(C++) std::string::c_str() truncation issue

Started by
5 comments, last by Zahlman 16 years, 2 months ago
A variable 'buffer' is an std::string that has a lot of characters in it, not just the usual "ABC123" that one would find in normal printing (any character, actually, including '\n' and '\r'). I'm having serious issues getting the stored characters within buffer, however, using anything involving std::string::substr(). I can do it without issue using buffer.at(location), but this seems costly in terms of speed (and I am doing operations involving hundreds of kilobytes worth of characters).

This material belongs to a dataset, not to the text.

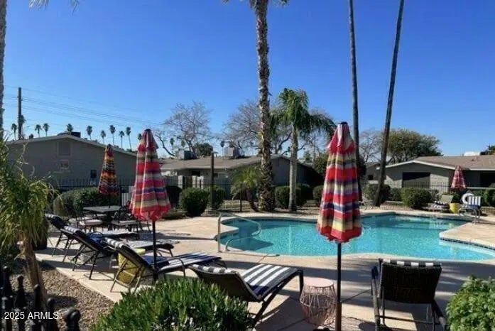 RARE 3-bedroom, single-level corner unit in a gated community! This upgraded condo features all tile flooring, neutral paint, ceiling fans, window treatments, sunscreens, and granite counters in the kitchen and bathrooms. Newer double-pane windows and a full-size primary shower with custom tile and glass doors. Enjoy a private paver patio, community pool, fitness center, and assigned covered parking plus guest spaces. Minutes to Biltmore, and about 10 minutes to Arcadia, Old Town Scottsdale, or Downtown Phoenix. Perfect for hikers with quick access to Camelback, Piestewa Peak, and major freeways!

Here's an example of the problem:
printf("By index: %c%c%c%c'",buffer.at(3),buffer.at(4),buffer.at(5),buffer.at(6));
OUTPUTS: '½⌂ '
printf("by substring: '%s'\n",buffer.substr(3,4).c_str());
OUTPUTS: '½⌂'//note the missing whitespace, null, or whatever the case may be This truncated version is useless to me because I need to know the precise value of all four characters (in this case it's just four, in other's it's thousands). I'm also weary of just assuming those values have a certain meaning - is std::string::c_str() truncating at the first null, thus leaving all following values indeterminate? Or does it simply shave off all the last null characters, so all following characters can safely be assumed null? And, perhaps more importantly, is null the only one that causes this truncation? If not, then I can't tell anything by its lack than that it may be one of those. The only way around this I see is
int pos,len;//starting position and length, as in std::string::substr()
char* t_data;//temporary data storer
t_data = new char[len];
for(int i=0;i<len;i++)
	t_data = buffer.at(pos+i);
//use t_data, in this case it's actually an integer so atoi(t_data)
delete[] t_data;
but this appears slower and with much more overhead. Is there no other way? Or am I somehow misunderstanding std::string::substr()?
Advertisement
It's implementation defined. c_str() returns a const char*, usually to the internally character array. If there's any NULLs in that, printf() can't display them, because NULL means "end of string". My implementation (VC2005) of std::string uses the C string functions internally for all sorts of stuff, and NULL means "End of string". I've seen some weird errors from using NULLs in std::strings.

As far as I know, NULL is the only thing that should cause problems, but I wouldn't be at all surprised if values < 0 (Since char's are (usually) signed) cause oddities too.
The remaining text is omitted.